That is, until the annual road lottery when people pay $10 for a chance to drive their own way into the park before the snow flies.  This year's road lottery dates are Friday 9/16 through Monday 9/19 . . . and I'm looking forward to hopefully scoring a pass (or two).

I mention this because many talk about going to Denali Nat'l Park and this is a great time for the passengers of 1,600 vehicles (400/day).  I understand that there were around 10,000 entries into the lottery so I guess that makes the odds roughly 1:6 .

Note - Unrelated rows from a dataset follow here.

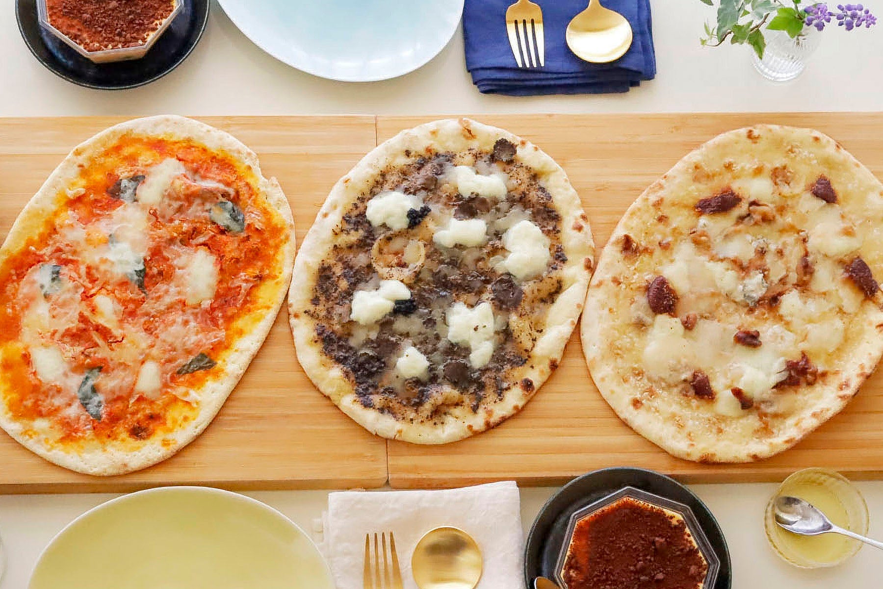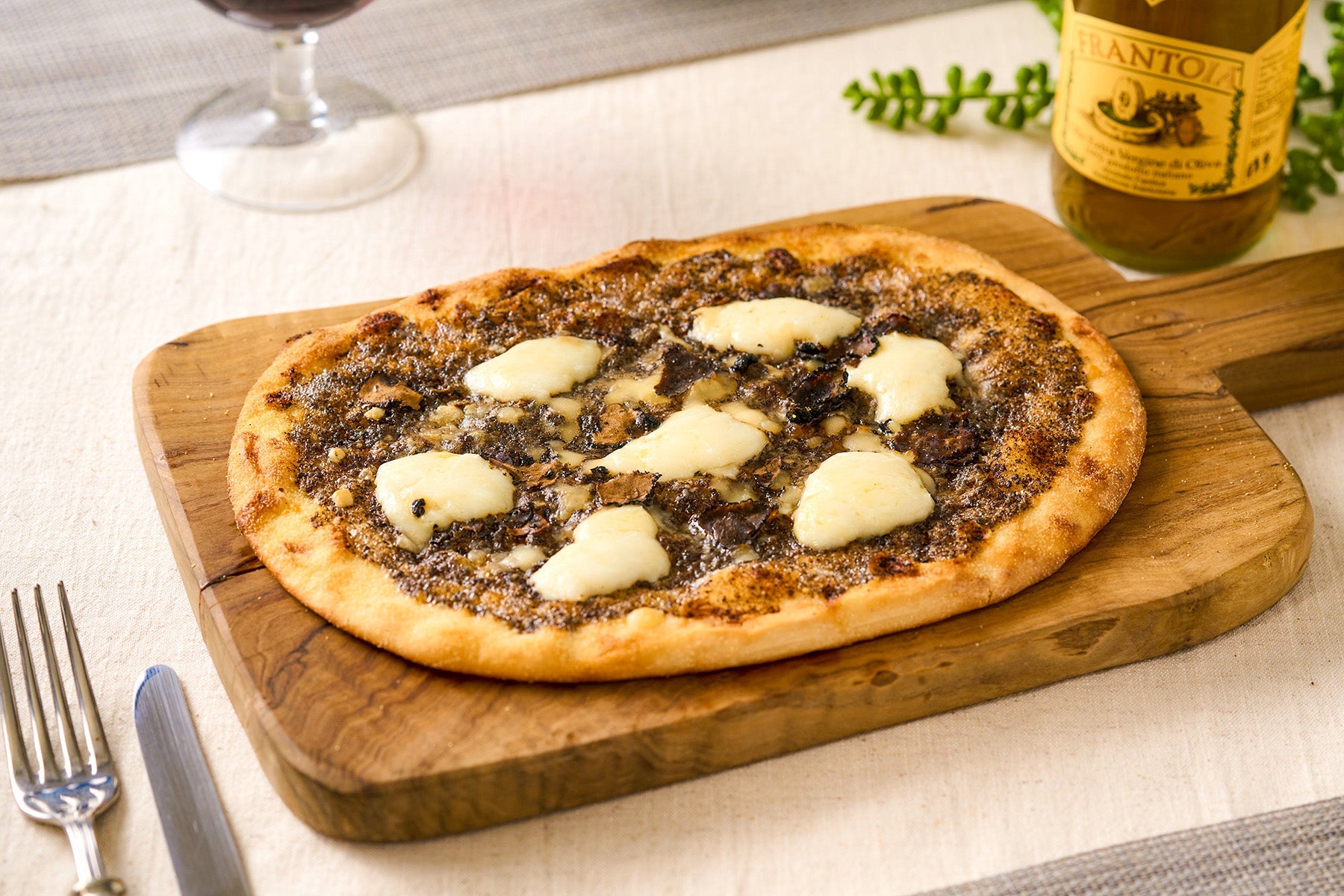 水牛モッツァレラチーズのオリジナルピッツァ3種類を楽しめます。タルトゥーフォは、濃厚なマッシュルームペーストと香り高いウンブリア産トリュフが特徴のオンラインショップ人気No.1商品。ブッファラDOPは、イタリア産モッツァレラチーズとさわやかな酸味のあるセミドライトマトソースのピッツァ。チンクエフォルマッジは、贅沢にイタリア産5種チーズを使用した濃厚な味わいが特徴。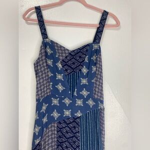 Mixed pattern maxi dress featuring a sweethe neckline.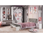 Недорогая односпальная кровать с мягкой спинкой серого цвета. Кровать Мемори входит в серию подростковой мебели и может быть приобретена в комплекте со шкафом-купе, прикроватной тумбой, комодом и туалетным столиком. Кровать имеет оптимальные комфортные размеры, ширина спального места 120 см.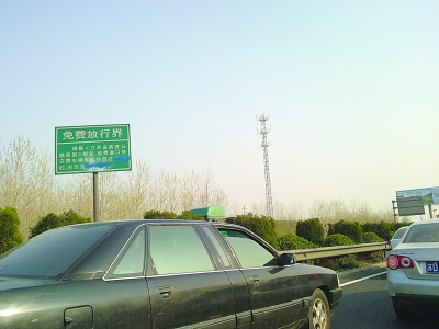 免費(fèi)標(biāo)識(shí)牌不知被誰(shuí)抹掉了“200米”“免費(fèi)放行”的字樣。記者昨日下午攝于潤(rùn)揚(yáng)大橋收費(fèi)站前 資料圖片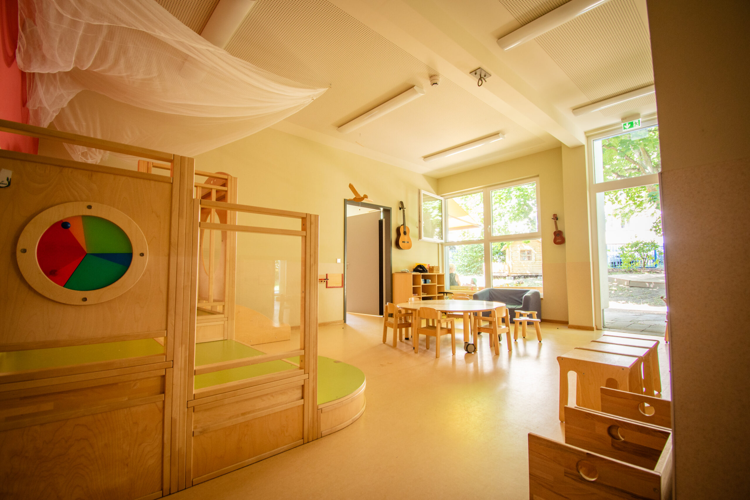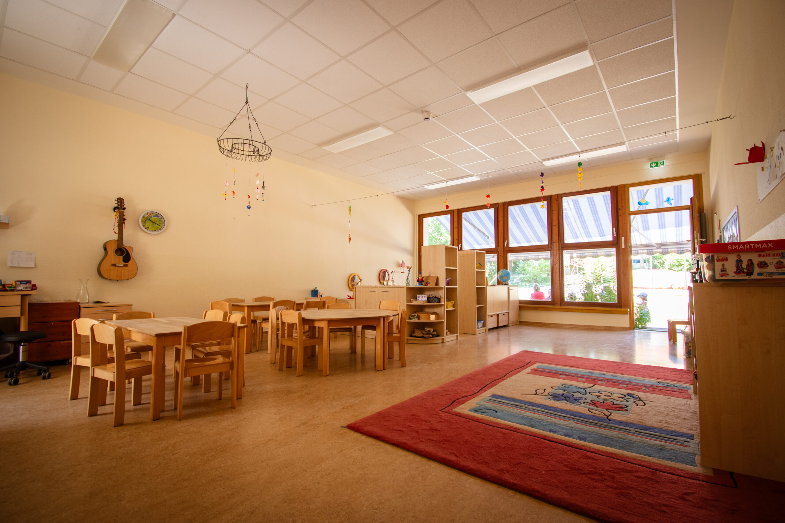 Im Mehrzweckraum finden die Kinder ein vielseitiges Angebot, das ihre Kreativität, Musikalität und Bewegungsfreude fördert. Hier entstehen Kunstwerke, es wird musiziert und getanzt. Gleichzeitig verwandelt sich der Raum bei Festen und Veranstaltungen in eine stimmungsvolle Theater- oder Märchenbühne.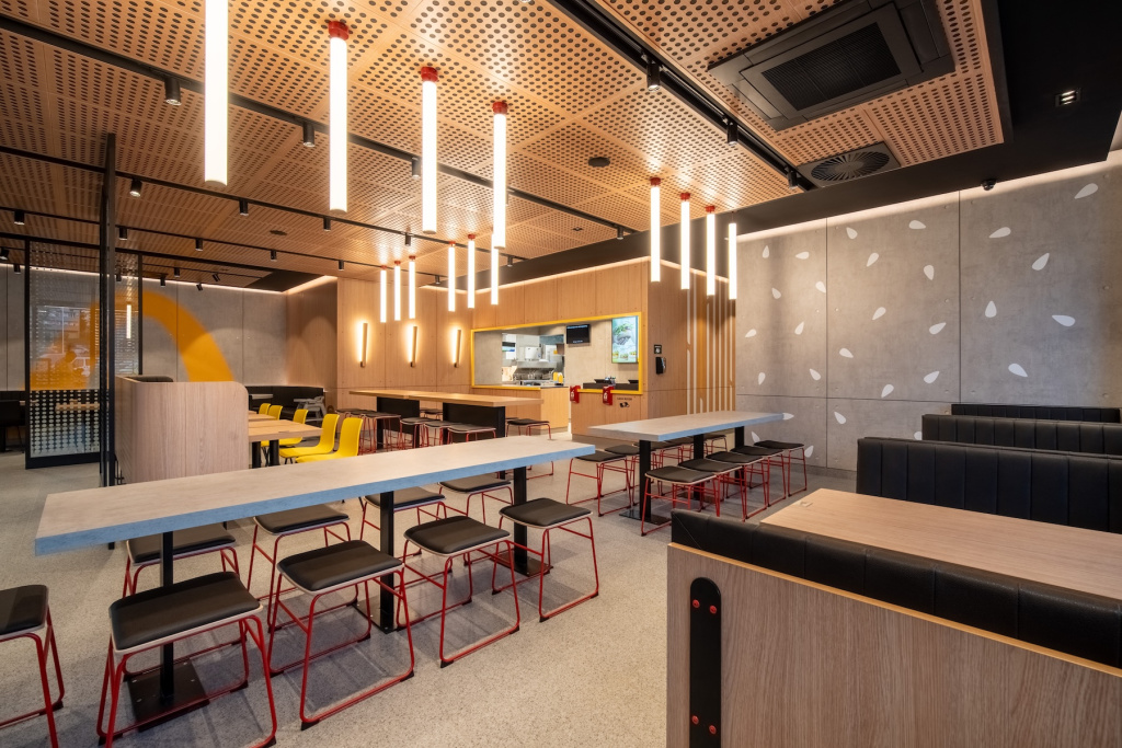 Interiér nové pobočky je proveden v designu Ray, který odkazuje přímo k zakladateli McDonald's Rayi Krocovi. Návštěvníky zaujmou výrazné žluté a červené prvky ve spojení s čistým betonem a světlým dřevem, jež vytváří atmosféru spojující tradici s moderním pojetím. Hosté mají k dispozici 93 míst k sezení uvnitř a v sezoně až dalších 60 míst na venkovní zahrádce. Pro maximální pohodlí zákazníků a rychlé i snadné objednání je restaurace vybavena čtyřmi oboustrannými samoobslužnými kiosky, využít ale samozřejmě lze i přímo obsluhu restaurace. V nabídce nechybí ikonické produkty, ale ani oblíbené snídaňové menu pro ranní návštěvníky. Restaurace je otevřena každý den od 7 do 23 hodin, což nabídne dostatek prostoru jak pro ranní kávu, tak odpolední či večerní posezení s rodinou či přáteli. Slánský McDonald's se stává dalším místem, kde se spojuje pohodlí a moderní prostředí pro všechny generace návštěvníků tohoto královského města.

I would be interested in any other TUGGERS consider this trip in 2011.  It would be cool to fill the TEK campground with TUG folks and connect for a great weekend in the Alaskan wilderness.

Von


----------



## Timeshare Von

*Update - Denali National Park 2011 Road Lottery*

Denali Road Lottery Article

For those interested in reading more about the experience, here is a very nice article from Alaska Magazine (May or June issue).  If the copy is too fuzzy to read and you're interested in receiving a copy, PM me and I'll email you the PDF doc of the article.

I'm happy to have won one day to drive the park!  It should be a great experience, barring a snow closure of the road!

P.S.  This will be my 7th trip to Alaska in five years :whoopie:


----------



## Timeshare Von

*Denali Road Lottery Weekend - Follow-up*

It was a wonderful weekend!  I've just completed my journal for IgoUgo for those interested in reading about it and seeing photos.


----------



## TUGBrian

Useful site my mother used for researching her alaskan cruise!

http://www.alaska.org/


----------